OVP is supported by an instruction-accurate and fast simulator, OVPsim. OVPsim provides the infrastructure for simulating platforms with one or more processors containing shared memory and busses in arbitrary topologies connected to different peripheral modules. The performance of OVPsim depends on several factors (such as the processor type, the complexity of the application, and the like), but typically it can handle hundreds of millions of simulated instructions per second. Figure 4 illustrates the flow for obtaining a simulation executable that encapsulates not only the parallel application but also a high-level model of the complete hardware platform. The parallel application is compiled and loaded in the memories of the CPUs of the platform. The platform and the custom hardware are described using the OVP Innovative CPU Manager (ICM) 4 and Behavioral Hardware Modeling (BHM) 5 APIs, respectively [Claesen et al. 2015] . The complete system can be simulated by the OVPsim exercising actual software on under development hardware platforms.
High-Level Architecture
This section demonstrates our high-level architecture while it also lists our approach for modeling this architecture within OVP. Initially, we selected the Open Risc 1000 (OR1K) processor as the processing core of each node in our parallel system. It should be noted that during system's simulation, each of the OR1K-based nodes is simulated in the host machine at predefined time periods. In more detail, the simulator calculates the number of instructions that should be executed by a processor in a time slice, and then it simulates those instructions. At the end of the time slice, the simulation of this particular processing node is suspended and the next node is simulated for another time slice. This is a pseudo-parallel approach that emulates the concurrent behavior of an actual multi-processor platform.

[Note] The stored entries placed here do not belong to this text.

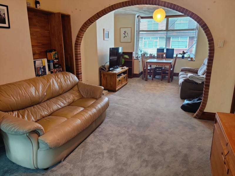 There are 2 bathrooms in the house, one on the 1st floor and one on the 2nd floor. One has a walk in shower, the other has a bath and shower. The ground floor has a large living/dining room (this used to be 2 rooms, but had a wall knocked through and archway put in), a kitchen, and a utility room.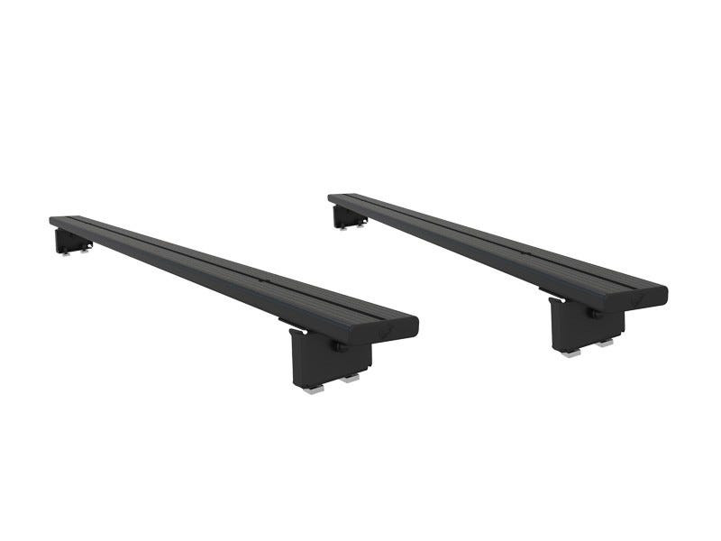 Un set de bare transversale cu picioare montate pe șine, utilizat pentru transportul echipamentelor pe plafonul vehiculului dvs. atunci când nu este necesar un portbagaj plafon Front Runner complet.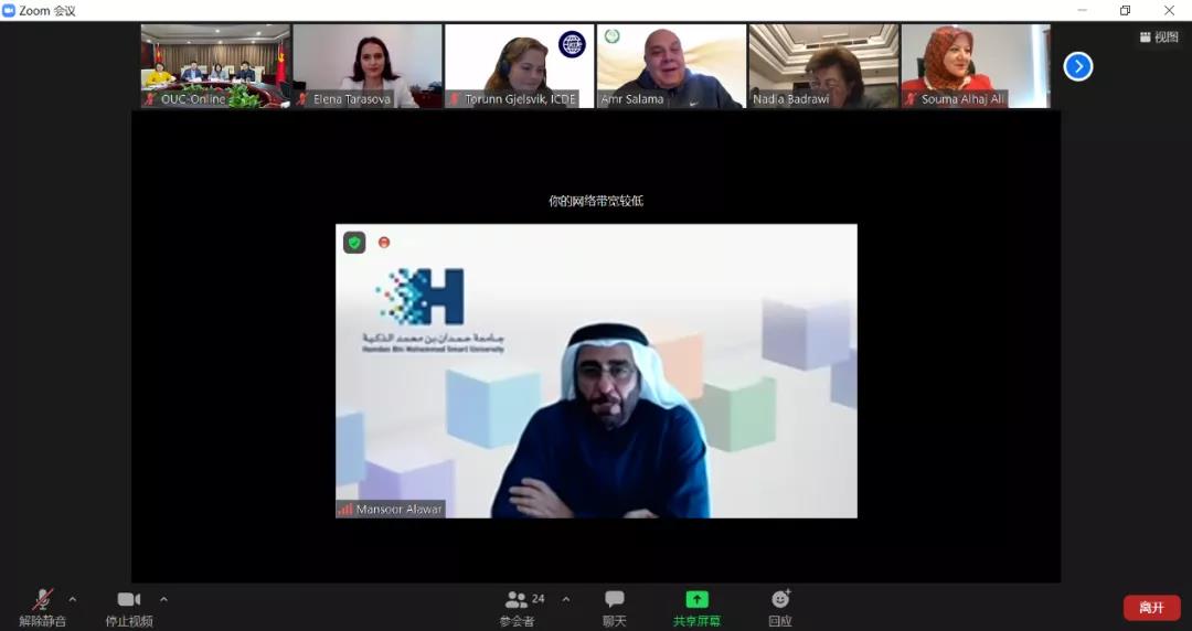 2022年1月10日,由阿拉伯联合酋长国哈姆丹·本·穆罕默德智慧大学(以下简称智慧大学)主办的“在线、开放、智慧和技术增强型高等教育基准框架和数据集联盟”(以下简称基准框架联盟)校长国际会议在线举行。国家开放大学副校长范贤睿应邀出席会议。

An overview of our high-level architecture is presented in Figure 5 , which also highlights how this architecture is modeled on top of OVP. It should be stressed that in OVP any intercommunication between the nodes is modeled through memory reads and writes. Our reference platform consists of N processing nodes and each node is comprised of one OR1K processor, a local memory, and one PAC model connected with a bus. In turn, our PAC module contains a dynamic memory allocator for the unexpected Portals messages, a list manager for the processing of the different lists and an accelerator buffer. Furthermore, Figure 5 shows the space reserved for the modeling within OVP of the memory-mapped intercommunication. The memory space that corresponds to PAC is common for all processors as one global address space is used for PtlPut and two global address spaces for the PtlGet transaction. In a PtlPut transaction, the initiator node writes the message to the appropriate global space in 'PUT GLOBAL ADRESS_SPACE', while the target node can read the message from the same space. In a PtlGet transaction, when the initiator node writes the header of the message request in the 'GET HEADER GLOBAL ADRESS SPACE', the target reads the header from this same space. Later on, the target, in turn, responds to an initiator request with the message Payload which is placed in the 'GET PAYLOAD GLOBAL ADRESS SPACE'.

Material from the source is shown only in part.